- Saparbay Location of the township
- Coordinates: 40°58′33″N 78°42′02″E﻿ / ﻿40.9759033201°N 78.7005793765°E
- Country: People's Republic of China
- Autonomous region: Xinjiang
- Prefecture: Kizilsu
- County: Akqi

Area
- • Total: 2,066 km^{2} (798 sq mi)

Population (2010 Census)
- • Total: 3,004
- Time zone: UTC+8 (China Standard Time)
- Website: www.xjahq.gov.cn/ahqtown.htm

= Saparbay =

Saparbay (also as Sepabayi; 色帕巴依乡 (Sèpàbāyī Xiāng)) is a township of Akqi County in Xinjiang Uygur Autonomous Region, China. Located in the east of the county, it covers an area of 2,066 kilometres with a population of 3,004 (2010 Census), the main ethnic group is Kyrgyz. The township has 3 administrative villages (as of 2018) and 7 unincorporated villages under jurisdiction, its seat is at Saparbay Village (色帕巴依).

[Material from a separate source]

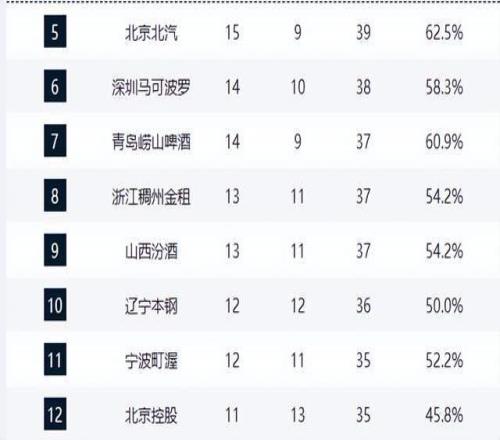 山東16勝8負緊咬廣東,北京15勝9負穩居第五,山西13勝11負殺入前九,季后賽席位爭奪已進入白熱化。

The name of "Saparbay" was from the Kyrgyz language, meaning "traffic main artery" (交通要道). The township is located in the east of the county, 25 kilometers east of the county seat Akqi Town.

==History==
It was formerly part of the 1st district in 1950 and part of the Hulangshan Commune (虎狼山公社) in 1958, Saparbay Commune (色帕巴依公社) was established in 1962, it was renamed to Dongfanghong Commune (东方红公社) in 1969 and back to the name of Saparbay Commune in 1978, the commune was re-organized as a township in 1984.

==Administrative divisions==
- Aq'oy Village (阿果依村, ئاقئوي كەنتى, اقۇي قىشتاعى)
- Qarabulung Village (喀拉布隆村, قارابۇلۇڭ كەنتى, قارابۇلۇڭ قىشتاعى)
- Saparbay Village (色帕巴依村, ساپارباي كەنتى, ساپارباي قىشتاعى)

==Overview==
The township is located in the east of the county. agriculture and Animal husbandry are the main industries. The main crops are wheat, corn, vicia faba, sesame and rape. The provincial road S306 (省道306) passes through the township.